§ About this exercise:
Please reproduce exactly, and only, the lines from the one with "Machine Washable Rug" through the last line of the listing below, both ends included, leaving out the pictures.

§ Collected data:
__________

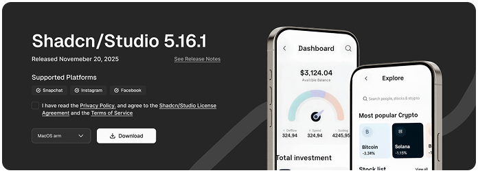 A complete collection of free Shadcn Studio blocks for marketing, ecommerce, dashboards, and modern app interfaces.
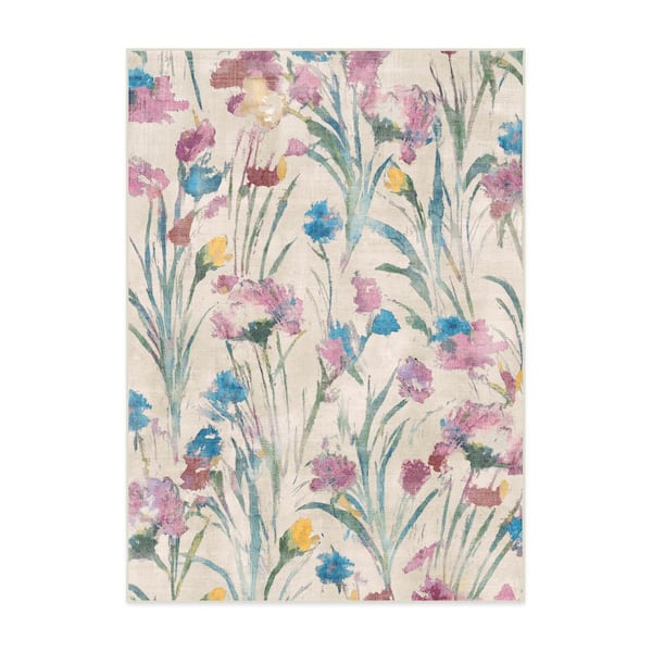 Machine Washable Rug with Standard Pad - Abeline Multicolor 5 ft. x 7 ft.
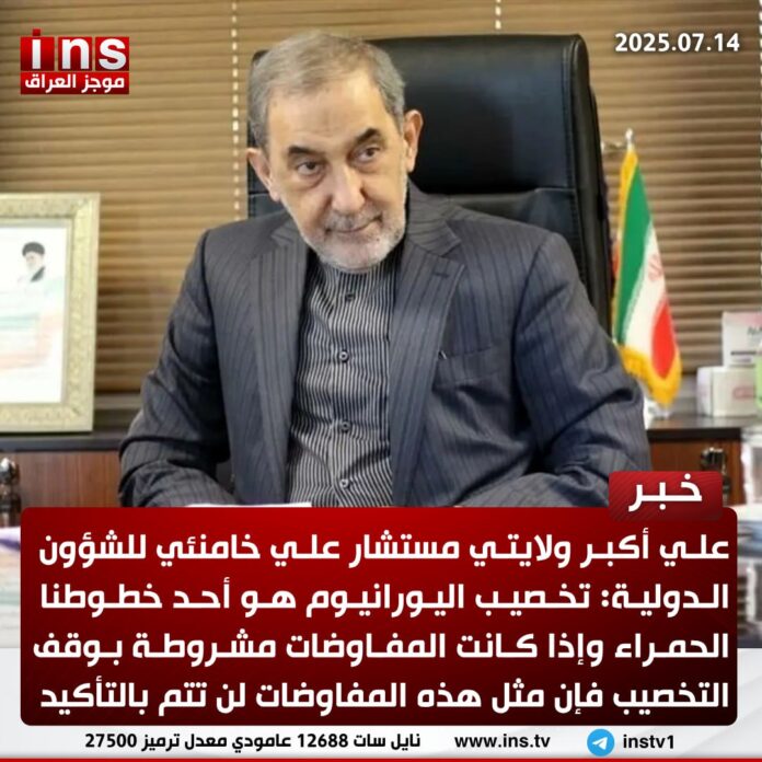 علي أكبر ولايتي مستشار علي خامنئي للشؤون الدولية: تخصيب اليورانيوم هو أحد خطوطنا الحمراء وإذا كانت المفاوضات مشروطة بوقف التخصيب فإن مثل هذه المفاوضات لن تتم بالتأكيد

__________

§ Output of the task:
 Machine Washable Rug with Standard Pad - Abeline Multicolor 5 ft. x 7 ft.
 علي أكبر ولايتي مستشار علي خامنئي للشؤون الدولية: تخصيب اليورانيوم هو أحد خطوطنا الحمراء وإذا كانت المفاوضات مشروطة بوقف التخصيب فإن مثل هذه المفاوضات لن تتم بالتأكيد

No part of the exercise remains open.